The Gamergate controversy refers to a campaign of threats and harassment, beginning in August 2014, and targeted at several women in the video game industry, primarily game developers Zoe Quinn, Brianna Wu, and feminist cultural critic Anita Sarkeesian. These attacks were initially performed under the twitter hastag #gamergate, a name that was adopted by members of an anonymous and amorphous movement, and variously coordinated on the online forums of Reddit, 4chan, and 8chan. The attacks included doxing, threats of rape, and death threats including the threat of a mass shooting at a university speaking event.
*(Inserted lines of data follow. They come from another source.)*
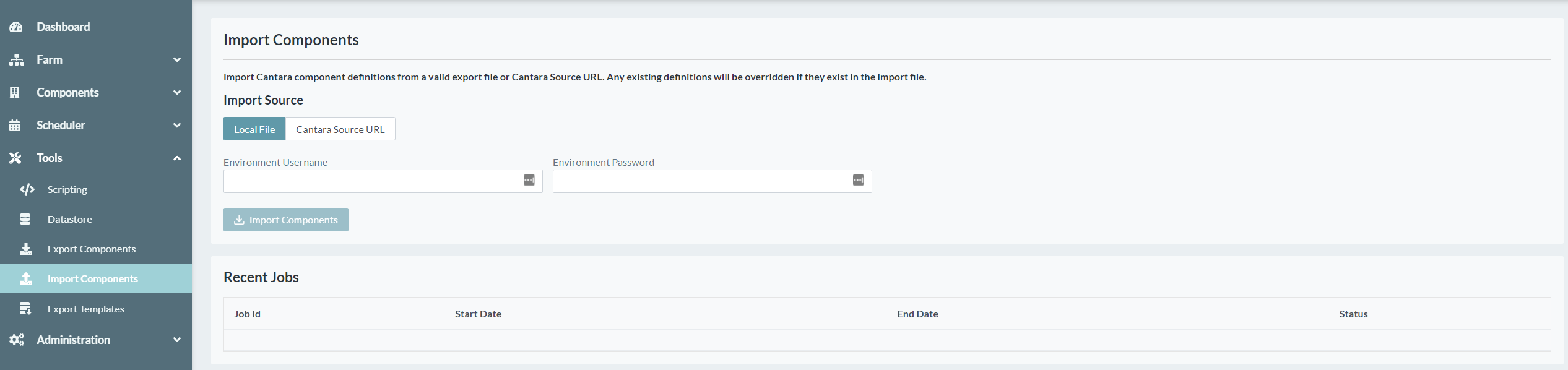 Cantara Source URL Import components from a Cantara server location.
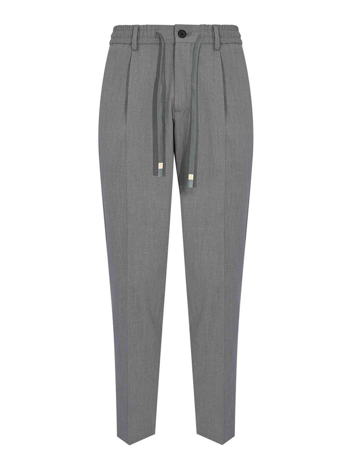 pantalone con coulisse in misto lana e viscosa tecnica daniele alessandrini tessuto: misto lana e viscosa tecnica fantasia: marrone tinta unita vita: vita media con elastico in vita e coulisse regolabile, dotato di passanti chiusura: bottone frontale, zip e coulisse tasche: tasche oblique laterali e tasche posteriori a filetto lunghezza: lungo dettagli: pinces davanti, piega stirata, coulisse in colore a contrasto, design moderno con comfort sportivo e costruzione sartoriale foderato: no vestibilità: vestibilità regolare
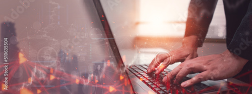 Concept data science analytics business Intelligence or BI, businessman using laptop computer,marketing deep learning AI,technology profit analytic,online marketing information digital report solution

Here's why I think it's better:

  1. There is more of a focus on threats and harassment, which comprises the bulk of the reliably-sourced reporting on GamerGate.
  2. The instigators of the harassment are more clearly defined earlier, if the words "anonymous and amorphous" can be used to clearly define anything.
  3. Focuses more specifically on the three women who have received the bulk of the coverage related to GamerGate harassment, and places their names higher in the lead.
  4. Clearly explains why GamerGate has received the coverage it did.
  5. Removes the ambiguous, unhelpful language and replaces it with language more specific to the Gamergate controversy.
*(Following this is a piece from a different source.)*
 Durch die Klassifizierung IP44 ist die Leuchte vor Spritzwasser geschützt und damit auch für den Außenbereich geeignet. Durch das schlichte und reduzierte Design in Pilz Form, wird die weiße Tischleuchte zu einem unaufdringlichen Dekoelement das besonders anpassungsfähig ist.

Ways the lead can be improved:

  1. Obviously there needs to be a discussion about the disparity between GamerGate's stated objectives and their actions and/or public perception. I think this is covered aptly in the second paragraph of the lead, which goes into the "culture war" aspect of the controversy. I'd like to put it in the opening paragraph, but I just don't think there's enough room at the moment.
  2. That the movement's ethical concerns are widely debunked, and it's widely viewed as an effort to obfuscate their true intentions which are to harass women. The problem is that we have to somehow mention "ethical concerns" in order to debunk said concerns, which means we must establish that GamerGate is interested in ethics...which is a viewpoint that very few are comfortable including in the opening paragraph. Once again, I feel that this aspect is covered well in the second paragraph.
  3. Gooder writing. I'm not a copyeditor, and I will have probably make mistakes somewhere in that paragraph.